La destra conservatrice meloniana, la destra presentabile da contrapporre alle varie Marie Le Pen e Alice Weidel, fa un'improvvisa inversione a U per ritornare al “Dio, patria e famiglia” dei tempi andati. L'abito moderato indossato durante questi undici mesi a Palazzo Chigi per rassicurare i «tecnocrati» di Bruxelles è stato riposto in cantina al primo soffio di vento. Perché con l'irrigidimento franco-tedesco sulla gestione dell'accoglienza, con l'apparente ritorno di fiamma tra Popolari e Socialisti in Europa in vista anche della prossima legislatura e con le difficoltà interne sul fronte economico Meloni sembra dover rinunciare all'ambiziosa scommessa su cui aveva puntato tutte le sue fiches politiche: diventare l'ago della bilancia del futuro assetto europeo e rivoltare come un calzino il governo del Vecchio Continente.

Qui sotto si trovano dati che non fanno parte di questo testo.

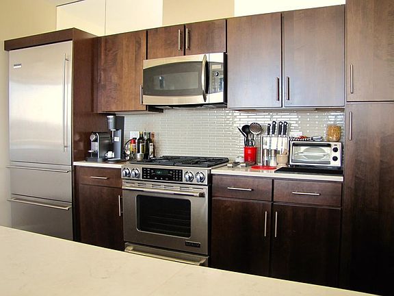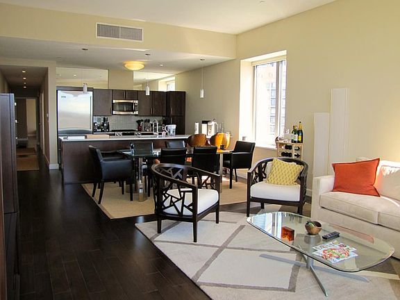 Stunning, luxury condominium available at Symphony Court. Spacious open-concept living room framed by large windows with fantastic natural sunlight throughout the day. Designer kitchen outfitted with stainless Jenn-Air appliances, gas cooking, and large breakfast bar overlooking the living room. Large master suite with walk-in closet and full en suite bathroom with double vanity and high-end finishes. Large additional bedroom and full bathroom perfect for guests. High ceilings and beautiful hardwoods throughout give an elegant and sophisticated feel. Concierge on-site 7 days a week 9a-9p, clubroom with kitchenette, common outdoor space, and direct-access garage with 2 parking spaces (lift system) included in rent. No undergraduate students considered. Pets considered on a case-by-case basis - $50/pet/month additional with a maximum of two pets.

Alla premier italiana non resta che trovare in fretta un “piano B” in caso di fragoroso fallimento. E quello più abbordabile, quello più semplice, potrebbe essere proprio la riproposizione dell'alleanza con i paesi di Visegrad (Ungheria, Polonia, Repubblica ceca e Slovacchia), gli interpreti più concreti di quello che fu il “cattivismo” europeo, gli stessi che da sempre sabotano la politica dei ricollocamenti invocata dall’Italia. Meloni potrebbe avere ancora bisogno di loro per spaventare i Popolari. Di tutti loro, Orban compreso, finito ai margini persino del blocco di Visegrad per le sue posizioni sulla guerra in Ucraina ritenute troppo “clementi” con Putin.

Ma la fase è cambiata e il vecchio amico Viktor può finalmente essere sdoganato e magari accolto col suo Fidesz (partito rimasto orfano d’appartenenza dopo il divorzio dal Ppe) nella grande famiglia dei Conservatori europei. E con Salvini e Le Pen a fare da controcanto la destra europea potrebbe provare a terremotare i vecchi equilibri a spallate. Certo, l’operazione è particolarmente pericolosa per chi non guida più solo un piccolo partito d’opposizione ma si trova a governare una delle economie più grandi del pianeta: il rischio isolamento, con tutto ciò che comporta (a partire dalla riforma del Patto di Stabilità) è dietro l’angolo. E per difendere la «famiglia», come dice la nostra premier, servono risorse che l’Italia, da sola, non ha.

Eppure la premier italiana, pressata in Patria dalla competizione con la Lega, sembra non voler rinunciare a giocare pure sul tavolo impolverato del sovranismo. Meloni non rinuncia dunque a essere la «donna, la madre, la cristiana» dei comizi da battaglia e lo rivendica dal palco di Budapest, dove l’Ungheria viene descritta come «un esempio» da seguire.

Orban gradisce e ringrazia. Negli ultimi anni «è successo di tutto e di più», dice il presidente ungherese. «Siamo all’ombra di una guerra, ma sono successe anche cose buone: Meloni e la destra italiana hanno vinto le elezioni in Italia, è fantastico. Dobbiamo riconoscere che qui a Budapest mai ci saremmo aspettati che ci sarebbe stato un governo italiano patriota, filo-famiglia e cristiano. Complimenti Meloni». Poi, come riporta Repubblica, non può mancare l’attacco all’Europa «in mano a una élite liberale e progressista che pensa di sovrascrivere le leggi di natura, come quando ha sostenuto testi sui maschi che possono procreare», sostiene Orban. Che agli amici di FdI non può che dire: «Avanti ragazzi».

Meloni ritrova dunque un vecchio alleato da sventolare in faccia a chi vorrebbe buttarla fuori dal futuro potere in Ue. Ma perde, forse, un po’ di quella credibilità internazionale faticosamente guadagnata nell’ultimo anno.